# Research of a reference about $G$-linearizations of line bundles on quasi-projective schemes

I am looking for some references for the following statement:

Let $G$ be a linearly reductive algebraic group acting on a quasi-projective scheme $X$, over an algebraically closed field $K$. Let $L$ be an ample line bundle on $X$. Then there exists a sufficiently large $l>>0$ such that $L^{\otimes l}$ is $G$-linearized.
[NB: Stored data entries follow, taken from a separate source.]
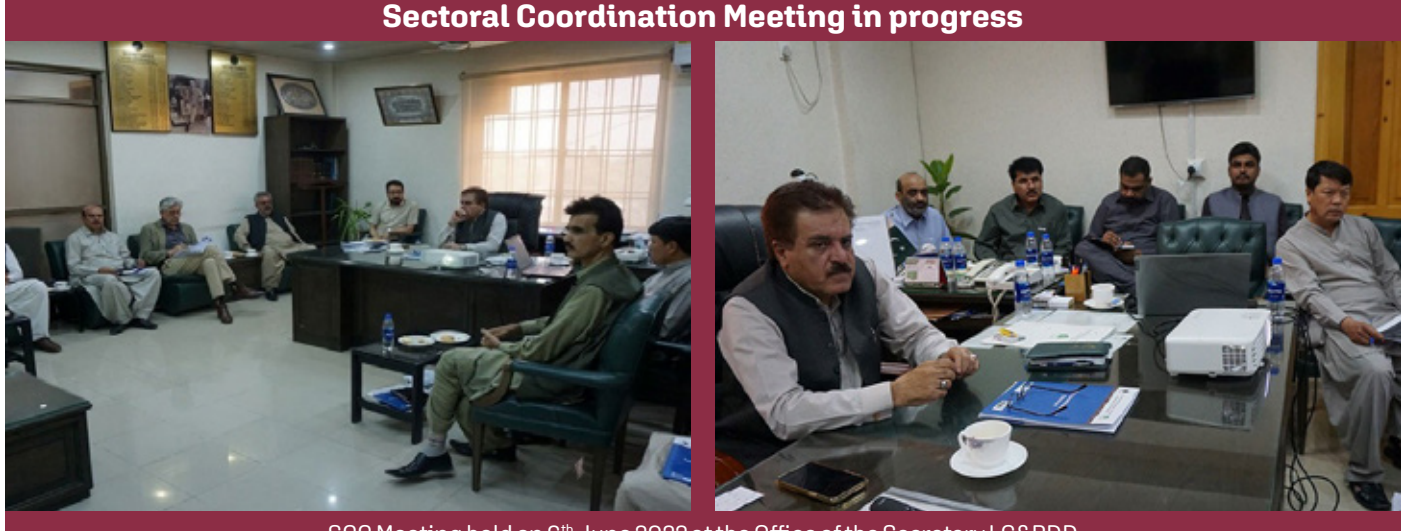
SCC Meeting held on 6 ^{\rm th} June 2022 at the Office of the Secretary LG&RDD

and Planning Guidelines. а holistic approach to bottom-up socio-economic development & poverty alleviation. quidelines Community Physical for Infrastructures and the Monitoring, Evaluation. Accountability. & Learning (MEAL). The SCC Meeting adopted the final draft of the Community-Led Local Governance (CLLG) Policy and CLLG Policy Framework for further processing and submission for adoption by the relevant GoB competent authorities.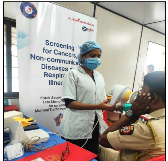
Performing FOT Test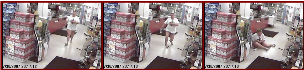
Photo series detail how the young lady fell after turning an ankle. Her lawyer claimed she tripped over an out of place

Quality systems limit your exposure to spurious lawsuits by providing an accurate and permanent digital record of the event(s) in question.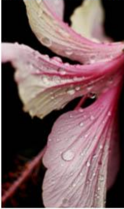
side of hibiscus -Paula Bailly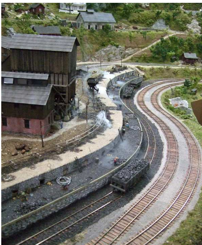
The smoke coming from the coke ovens tells us it's a busy time for the Mann's Creek Railway.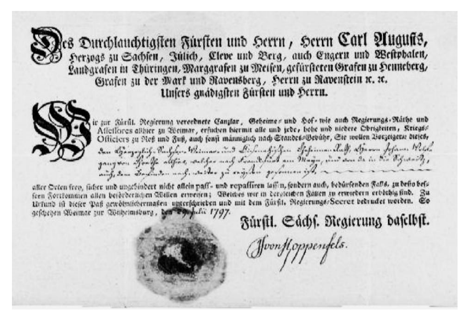
Fig. 2. Goethe's passport. GSA 25: XXIX, H, Bl. 77.

substrate of the law, as that which is "set-down" ( Gesetz ). Material setting and discursive sentencing co-construct the social entity called "the city." Instead of the permanent object with which one could interact, print's transactional nature lends it an experiential identity that one passes through . It does not live on as either document or evidence, but instead as a representation of a past passage. Such a transactional understanding of print is most concretely on display in the final printed item included in the folios of the Swiss Journey , Goethe's passport, which conjoins print, manuscript, and the institutional impression or seal into a single sheet all under the heading of corporal movement (fig. 2).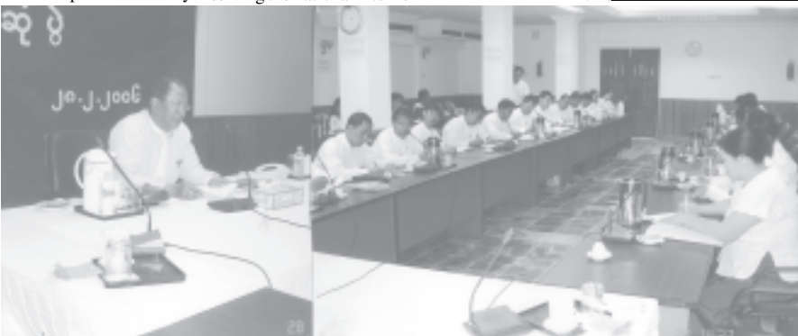
USDA Secretariat member Minister U Aung Thaung meets members of USAs from Bahan, Tarmway, Pabedan Townships.

Afterwards, they inspected summer paddy fields at between Myinmu and Myaung Townships.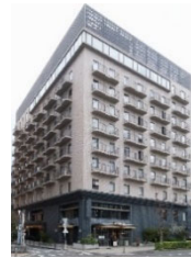
HOTEL THE KNOT YOKOHAMA (Ichigo Hotel-Owned)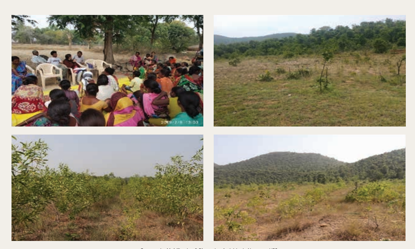
Community Mobilization & Plantation Activities in Naranpur VSS

which covered barren hillocks which was converted into a green landscape. Since the hillocks also serve as the grazing grounds for the village cattle, now it fulfils the fodder requirement of VSS community. As per the demand of local community, fodder species were planted in some parts of the hillocks. The usufruct yielding trees were planted on the foot hills to ensure benefits to the local community. The forest / tree cover in those hillocks also help to enhance carbon sequestration in addition to meeting the villagers' requirement for fuel, fodder, timber & NTFPs. In total 337 man days were created for the plantation works undertaken in the VSS.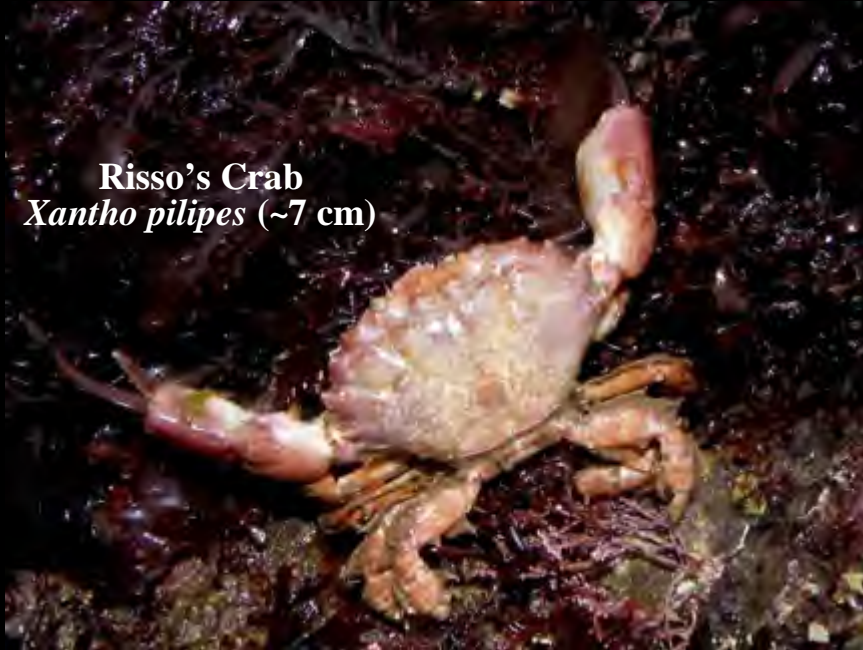
Risso's Crab Xantho pilipes (~7 cm)

This one was suggested to me by a friend of mine, but he doesn't know any references. I tried to search it on some classic books, as GIT or Newstead (Introduction to moduli and orbit spaces), but without any results. If you know another similar statement in a book or a reference where I can find also a general treatment, I would be very happy.

Thank you!

P.S.: I trust that this is true, but of course I am not so sure. I am looking for a reference also to see if the hypothesis are right or no.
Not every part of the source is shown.